## [Activity]
The lines below starting at the line containing "Jewel Type : F.I.N.S" and ending at the line containing "- OSA 3 – Kustannuspaikan" are to be repeated exactly, with both ends kept and nothing else added.

## [Exercise material]
= = = = =

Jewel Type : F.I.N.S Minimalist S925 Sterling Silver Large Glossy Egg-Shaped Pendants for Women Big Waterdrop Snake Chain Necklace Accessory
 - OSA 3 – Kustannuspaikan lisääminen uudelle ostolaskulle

= = = = =

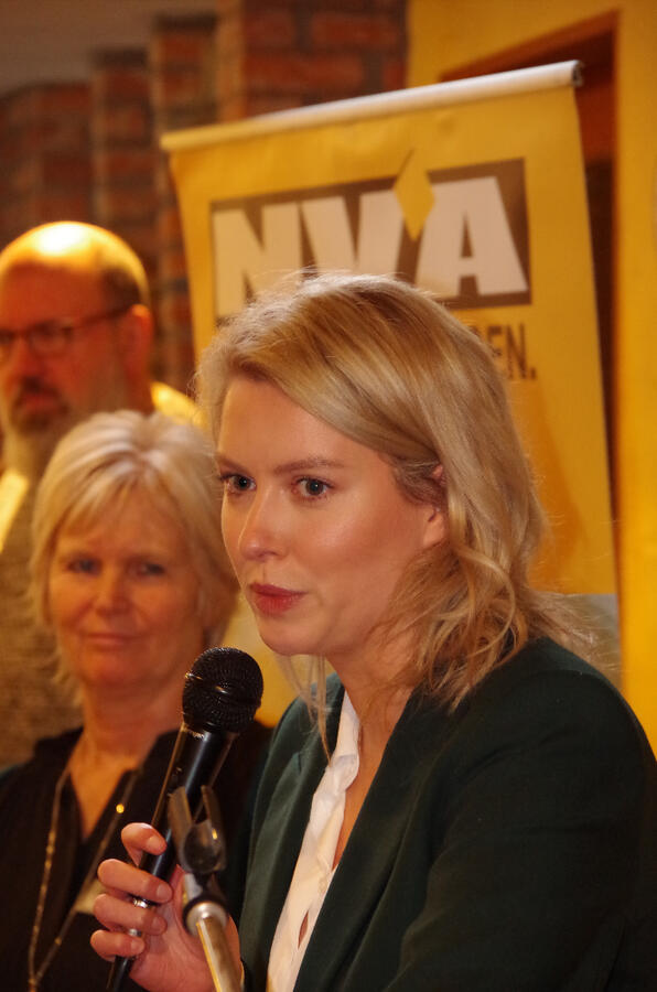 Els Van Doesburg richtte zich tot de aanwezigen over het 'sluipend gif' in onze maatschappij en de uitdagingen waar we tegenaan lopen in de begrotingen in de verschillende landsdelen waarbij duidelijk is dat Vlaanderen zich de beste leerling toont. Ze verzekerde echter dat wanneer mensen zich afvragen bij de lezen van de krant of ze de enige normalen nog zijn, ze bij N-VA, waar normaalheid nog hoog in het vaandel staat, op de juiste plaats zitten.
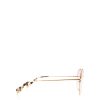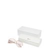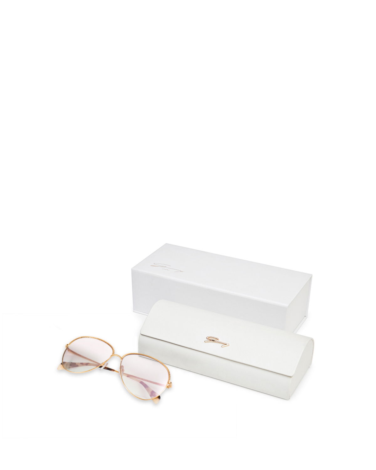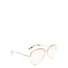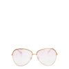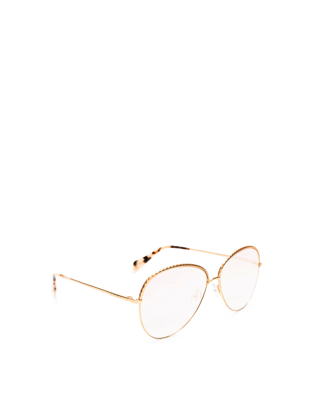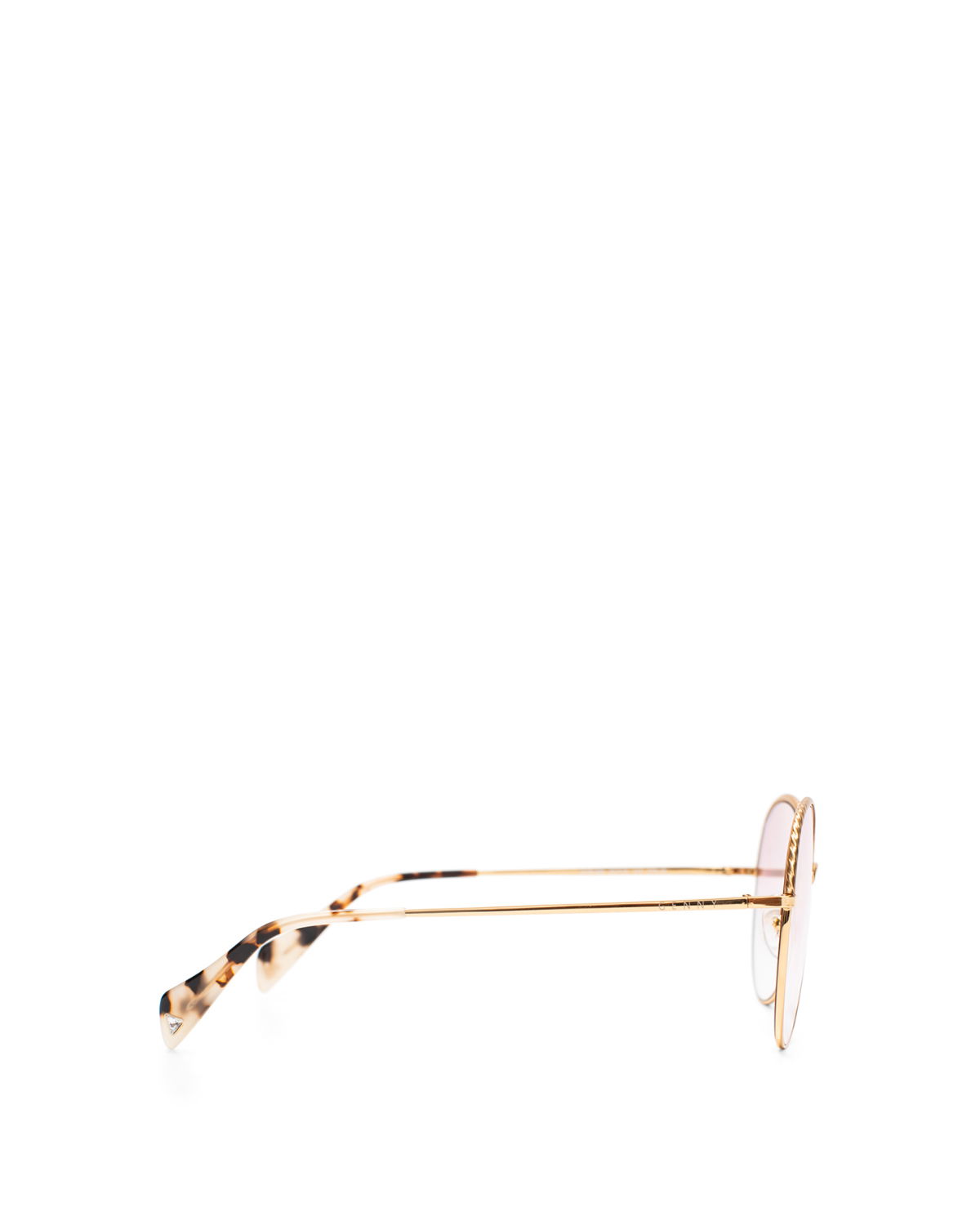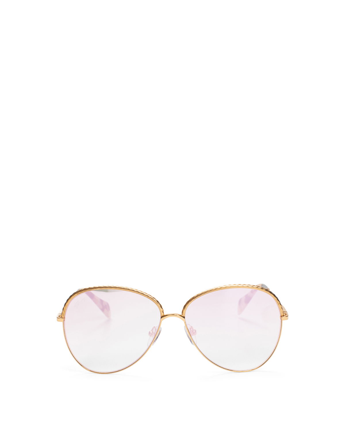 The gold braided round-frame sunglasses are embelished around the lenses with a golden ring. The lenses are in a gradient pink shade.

= = = = =

## [Solved exercise]
Jewel Type : F.I.N.S Minimalist S925 Sterling Silver Large Glossy Egg-Shaped Pendants for Women Big Waterdrop Snake Chain Necklace Accessory
 - OSA 3 – Kustannuspaikan lisääminen uudelle ostolaskulle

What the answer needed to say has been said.